There’s another obvious one that seems to be often ignored - users have phone numbers that aren’t formatted like they are where your company is located (looking at you, Silicon Valley).

I left the USA, and have had huge amounts of trouble with a non-usa phone number. It ranges from unusable web uis to complete lockout (usually around 2fa).

Love libphonenumber. Have taken advantage of it for every company I’ve worked at across half a dozen languages. The APIs are designed such that you need to dig into the subtlety of phone numbers a bit, which is really great.
My gimmick with it was to wrap it in a PowerShell module and then use it to clean up the phone numbers in Active Directory.

It's oddly satisfying seeing a bunch of randomly formatted phone numbers suddenly convert to perfectly aligned, nice clean international standard format numbers.

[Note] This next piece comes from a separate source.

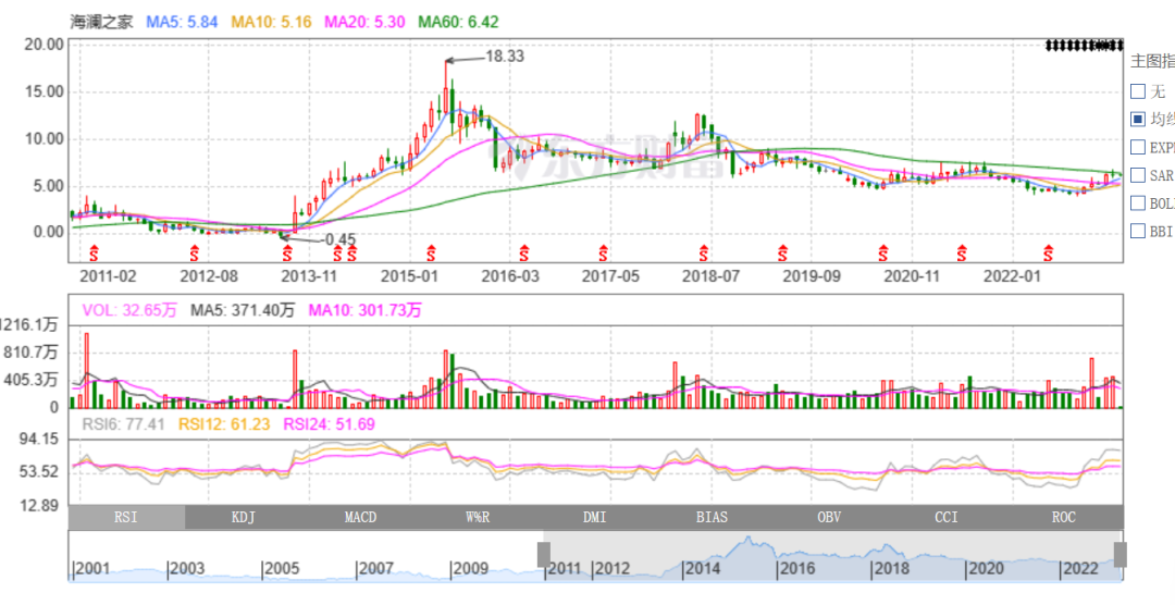 2014年,海澜集团成功上市,股价也一路上涨,成为A股市场中最大的服装企业。2015年海澜集团冲到了股价顶峰,市值一度达到900亿元。不过之后,海澜集团就迎来了低迷期。

Um, I didn't believe any single of those.
Clearly you're not a programmer.
> An individual has a phone number

> Some people do not own phones, or do not wish to provide you with their telephone number when asked. Do not require a user to provide a phone number unless it is essential, and whenever possible try to provide a fallback to accommodate these users.

Does anyone know how to create an Apple ID without a phone number?

Someone should send a copy of this to the Microsoft Teams group. If you want to signup with your personal account to Teams you need a unique phone number. Not a unique email, a unique phone number. Someone else registered to Teams with your same number, you can't sign in. Have kids and they need to attend an online class, you can't sign in. Also, their solution is for you to simply get another phone number, hopefully one that isn't being used by a Teams account.
This drives me up the wall. I have tried to conduct business with companies many times, but they require that I have a mobile phone - Looking at you, Stripe, as well as other companies doing the same that I've had problems with.

I do not own a mobile phone, because the f-ck if I am going to give some company my location for my entire life. Thanks, but no. It's just how I roll. I also never been on social media from the start for the same reasons. People called me paranoid back 15 years ago, but now I just laugh when I see people losing jobs and careers from a careless post 20 years ago. Nope, not me, no to social media or mobile phones or any other tracking devices. And no, I will never buy a car with tracking on it. I'll continue to buy older cars before I do that.

So, I have a VIOP, but these companies do not allow using my VOIP. Or a burner phone either.

So now I might have to break down and get one because so many companies are starting to require it, so I might get a Mint Mobile phone as it is $15/month. I'll get mobile phone with a removable battery and when not using it I'll remove the battery and sell as store it in a Faraday bag, in case removing the battery doesn't work, and then on top of all that I will leave the phone in my office and never bring it anywhere or use it ever except for those rare circumstances when I need to verify I'm me. Try tracking me now, bitches.

But it pisses me off that I will have to spend $250 for a phone and a year's worth of air time for nothing. Fluck you, Stripe, and other companies requiring a mobile phone.